══ RECORD SET

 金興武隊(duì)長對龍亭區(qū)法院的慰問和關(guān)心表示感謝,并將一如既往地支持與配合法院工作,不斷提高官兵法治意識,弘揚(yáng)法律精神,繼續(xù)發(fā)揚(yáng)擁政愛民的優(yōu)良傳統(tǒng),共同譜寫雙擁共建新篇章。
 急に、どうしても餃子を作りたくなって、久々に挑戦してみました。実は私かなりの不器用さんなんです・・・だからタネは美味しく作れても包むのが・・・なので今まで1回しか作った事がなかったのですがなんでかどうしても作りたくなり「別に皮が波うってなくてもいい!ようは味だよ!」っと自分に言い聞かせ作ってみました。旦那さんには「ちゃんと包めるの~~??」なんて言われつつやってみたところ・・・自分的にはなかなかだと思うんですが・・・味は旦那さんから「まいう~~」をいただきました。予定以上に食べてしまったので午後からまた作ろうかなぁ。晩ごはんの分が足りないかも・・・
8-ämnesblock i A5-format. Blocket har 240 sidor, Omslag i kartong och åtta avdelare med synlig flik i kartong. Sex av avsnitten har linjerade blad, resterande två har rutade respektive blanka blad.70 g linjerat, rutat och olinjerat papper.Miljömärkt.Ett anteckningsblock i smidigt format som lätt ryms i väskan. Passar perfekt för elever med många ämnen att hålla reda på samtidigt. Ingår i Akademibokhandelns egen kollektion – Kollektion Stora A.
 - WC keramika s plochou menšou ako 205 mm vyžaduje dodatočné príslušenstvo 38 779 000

════
══ RECORD SET

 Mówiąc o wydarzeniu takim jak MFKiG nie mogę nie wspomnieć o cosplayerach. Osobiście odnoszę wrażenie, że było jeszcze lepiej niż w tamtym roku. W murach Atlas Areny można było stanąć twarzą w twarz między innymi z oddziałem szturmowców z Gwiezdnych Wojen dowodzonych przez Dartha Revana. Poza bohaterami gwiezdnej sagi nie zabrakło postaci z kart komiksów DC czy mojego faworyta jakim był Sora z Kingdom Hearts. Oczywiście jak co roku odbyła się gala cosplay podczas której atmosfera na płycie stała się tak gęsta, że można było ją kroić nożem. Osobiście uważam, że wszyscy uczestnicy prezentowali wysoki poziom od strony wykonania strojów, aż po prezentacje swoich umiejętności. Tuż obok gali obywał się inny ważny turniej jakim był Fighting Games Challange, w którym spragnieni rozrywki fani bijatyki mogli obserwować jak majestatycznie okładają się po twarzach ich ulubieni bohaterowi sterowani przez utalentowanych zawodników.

════

§ WHAT THE TASK REQUIRES:
Take the lines above from the one containing "金興武隊(duì)長對龍亭區" down to the one containing "- WC keramika", and transcribe them exactly, both ends included.

§ ANSWER TO THE PROBLEM:
 金興武隊(duì)長對龍亭區(qū)法院的慰問和關(guān)心表示感謝,并將一如既往地支持與配合法院工作,不斷提高官兵法治意識,弘揚(yáng)法律精神,繼續(xù)發(fā)揚(yáng)擁政愛民的優(yōu)良傳統(tǒng),共同譜寫雙擁共建新篇章。
 急に、どうしても餃子を作りたくなって、久々に挑戦してみました。実は私かなりの不器用さんなんです・・・だからタネは美味しく作れても包むのが・・・なので今まで1回しか作った事がなかったのですがなんでかどうしても作りたくなり「別に皮が波うってなくてもいい!ようは味だよ!」っと自分に言い聞かせ作ってみました。旦那さんには「ちゃんと包めるの~~??」なんて言われつつやってみたところ・・・自分的にはなかなかだと思うんですが・・・味は旦那さんから「まいう~~」をいただきました。予定以上に食べてしまったので午後からまた作ろうかなぁ。晩ごはんの分が足りないかも・・・
8-ämnesblock i A5-format. Blocket har 240 sidor, Omslag i kartong och åtta avdelare med synlig flik i kartong. Sex av avsnitten har linjerade blad, resterande två har rutade respektive blanka blad.70 g linjerat, rutat och olinjerat papper.Miljömärkt.Ett anteckningsblock i smidigt format som lätt ryms i väskan. Passar perfekt för elever med många ämnen att hålla reda på samtidigt. Ingår i Akademibokhandelns egen kollektion – Kollektion Stora A.
 - WC keramika s plochou menšou ako 205 mm vyžaduje dodatočné príslušenstvo 38 779 000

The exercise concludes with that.